Side-by-Side Histograms
- Number of variables: 2.
- Displays the shapes or distributions for groups of data; may help identify outliers.
Bar Charts
- Number of variables: 1.
- Displays the frequency count of values for a categorical variable; may be vertical (as shown below in Figure 3) or horizontal.
- Learn more about bar charts.
Grouped Bar Charts
- Number of variables: 2 or more, depending on how many variables are used to define groups.
- Displays bar charts for groups defined by another variable. Grouped bar charts have a separate chart within each level of the grouping variable.
Stacked Bar Charts
- Number of variables: 2 or more, depending on how many variables are used to define groups.
- Displays bar charts for groups defined by another variable. Stacked bar charts have a single bar for each level of the grouping variable. Colors or patterns for counts of another variable are stacked in each bar.
Pareto Charts
- Number of variables: 1.
- Displays ordered frequency counts for a variable. Useful for highlighting the “vital few.” A type of bar chart, Pareto charts often include a cumulative percent curve.
- Learn more about Pareto charts.
Packed Bar Charts
- Number of variables: 1.
- Displays ordered frequency counts for a variable. Used instead of a Pareto chart, especially when there are many categories. Useful for highlighting the “vital few.”
- Learn more about packed bar charts.
Mosaic Plots
- Number of variables: 2 or more.
- Shows possible relationships between categorical variables. Useful for finding data errors, such as mistyped categories. A special type of stacked bar chart that shows more than one variable on the x-axis.
- Learn more about mosaic plots.
Treemaps
- Number of variables: 2 or more.
- Shows possible relationships between variables. A special type of stacked bar chart that colors, orders, and sizes by different variables.
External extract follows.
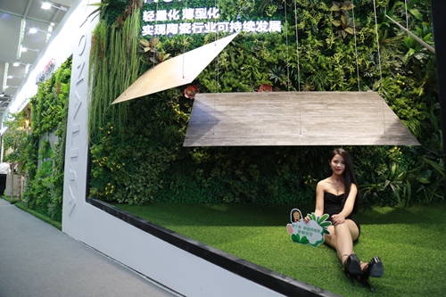 其中2400mm×1200mm超大規格陶瓷板以其超大規格、創意的設計、立體的觸感一度成為本次展會的熱點。在蒙娜麗莎綠色科技館上,2400mm×1200mm×5.5mm陶瓷板,僅用四根超細鋼絲吊起,讓參觀人員更加直觀感受到陶瓷板的“大、薄、輕、硬、韌”。與此同時,展位更通過不同的空間設計語言,展現陶瓷板從墻、地跨界到家居產品的的多種應用。

- Learn more about treemaps.
Box Plots
- Number of variables: 1.
- Shows the distribution of data. Parts of the box identify the 25th percentile, median (50th percentile), and 75th percentile. Depending on the data, whiskers show minimum and maximum; outliers occur beyond the whiskers. Used for finding data errors and exploring one variable.
- Learn more about box plots.
Side-by-Side Box Plots
- Number of variables: 2 or more, depending on how many variables are used to define groups.
- Displays box plots for groups defined by another variable. Used for finding data errors and exploring two or more variables.
Normal Quantile Plots
- Number of variables: 1.
- Determines whether or not the assumption that a variable has a normal distribution is reasonable.
Line Graphs
- Number of variables: 2.
- Shows changes over time. The x-axis must have values ordered by time. Line graphs, also called line charts or run charts, are useful for finding outliers.
- Learn more about line graphs.
Line Graphs with Categories
- Number of variables: 2 or more, depending on how many variables are used to define groups.
- Displays multiple line graphs for groups defined by another variable. Used for understanding changes over time for multiple variables and for finding outliers.
Scatter Plots
- Number of variables: 2 or more, depending on how many variables are used to define groups for colors and markers.
- Shows a possible relationship between two variables and identifies outliers. Adding colors and/or markers for other variables can help with EDA. Adding reference lines or specification limits can help identify outliers.
- Learn more about scatter plots.
Scatter Plot Matrix
- Number of variables: Many.
- Shows possible relationships between multiple variables, looking at all two-way combinations. Additional graphs can be added: histograms for each variable to identify outliers, density ellipses for each scatter plot to identify multidimensional outliers, heatmaps of correlations to clarify possible relationships.
Pie Charts
- Number of variables: 1 or more.
- Displays part-to-whole relationships for a variable. Adding categories for multiple pie charts is more useful than a single pie chart. For a single variable, a bar chart is easier to distinguish small differences in values.
- Learn more about pie charts.
Heatmaps
- Number of variables: 2 or more.
- Shows possible relationships between variables. Most often used for data that changes over time. Uses color to explore relationships between variables.
- Learn more about heatmaps.
Stem-and-Leaf Plots
- Number of variables: 1.
- Shows the shape of data and identifies outliers. More widely used before computers were available; histograms are used more often now.